• [Task] The listing must be copied out in full and exactly; no images go with it.

• [Data below]
###

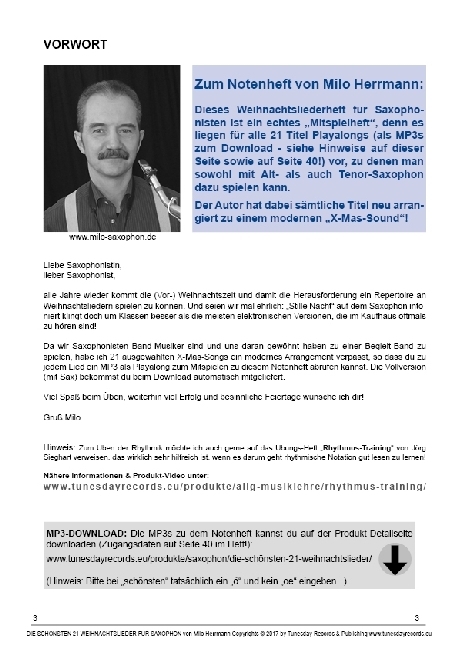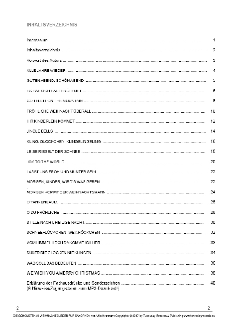 Dieses Weihnachtsliederheft für Saxophonisten ist ein echtes "Mitspielheft", denn es liegen für alle 21 Titel Playalongs (als MP3s zum Download - siehe Hinweise im Heft) vor, zu denen man sowohl mit Alt- als auch Tenor-Saxophon dazu spielen kann. Der...
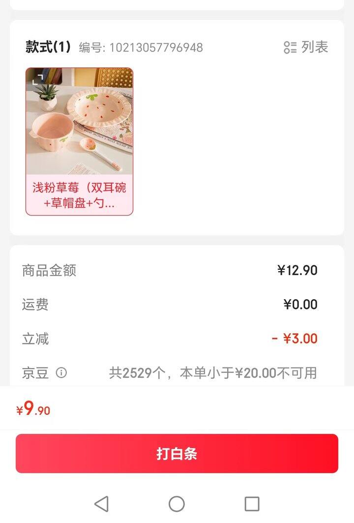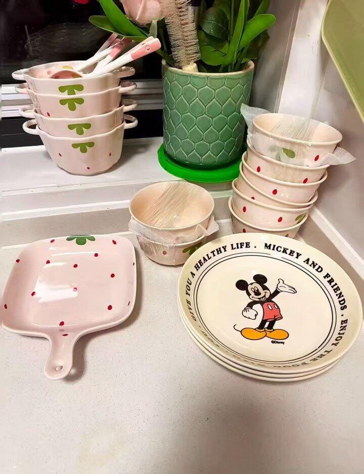 9.9💰 浅粉草莓3件套(双耳碗+草帽盘+勺子)
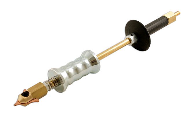 Устройство данного типа разрешает произвести щадящий ремонт кузова без сверления или сварки металла. Резиновая насадка прикладывается к поврежденному кузову. На обратной стороне полого штыря имеется штуцер для присоединения к компрессорному устройству с целью создания вакуума. Это эффективный обратный молоток, съемник которого в виде мягкой груши практически не повреждает лакокрасочное покрытие во время рихтовки.
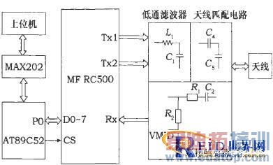 系统电路图主要包括3个部分:MCU处理器、RC500内部电路和外部电路。MCU与RC500为并行连接AD。RC500内部电路主要包括发送部分、数字部分以及8位并行口。外部电路包括一个低通滤波器、接收电路、天线匹配电路和天线。低通滤波器根据国际电磁兼容性(Electro Magnetic Compatibility,EMC)条例对发射波中更高的谐波进行滤除,由元件L1和C1。组成。接收电路由元件R1、R2、R3和R4组成。RC500内部产生的VMID电势作为腿脚的输入电势,两者之间连接一个分压器,在VMID引脚处再接一个对地电容c3提供稳定的参考电压。天线匹配电路由元件C4、C5组成。刀具射频识别系统主框图如图2所示。

###

• [Response area]
 Dieses Weihnachtsliederheft für Saxophonisten ist ein echtes "Mitspielheft", denn es liegen für alle 21 Titel Playalongs (als MP3s zum Download - siehe Hinweise im Heft) vor, zu denen man sowohl mit Alt- als auch Tenor-Saxophon dazu spielen kann. Der...
 9.9💰 浅粉草莓3件套(双耳碗+草帽盘+勺子)
 Устройство данного типа разрешает произвести щадящий ремонт кузова без сверления или сварки металла. Резиновая насадка прикладывается к поврежденному кузову. На обратной стороне полого штыря имеется штуцер для присоединения к компрессорному устройству с целью создания вакуума. Это эффективный обратный молоток, съемник которого в виде мягкой груши практически не повреждает лакокрасочное покрытие во время рихтовки.
 系统电路图主要包括3个部分:MCU处理器、RC500内部电路和外部电路。MCU与RC500为并行连接AD。RC500内部电路主要包括发送部分、数字部分以及8位并行口。外部电路包括一个低通滤波器、接收电路、天线匹配电路和天线。低通滤波器根据国际电磁兼容性(Electro Magnetic Compatibility,EMC)条例对发射波中更高的谐波进行滤除,由元件L1和C1。组成。接收电路由元件R1、R2、R3和R4组成。RC500内部产生的VMID电势作为腿脚的输入电势,两者之间连接一个分压器,在VMID引脚处再接一个对地电容c3提供稳定的参考电压。天线匹配电路由元件C4、C5组成。刀具射频识别系统主框图如图2所示。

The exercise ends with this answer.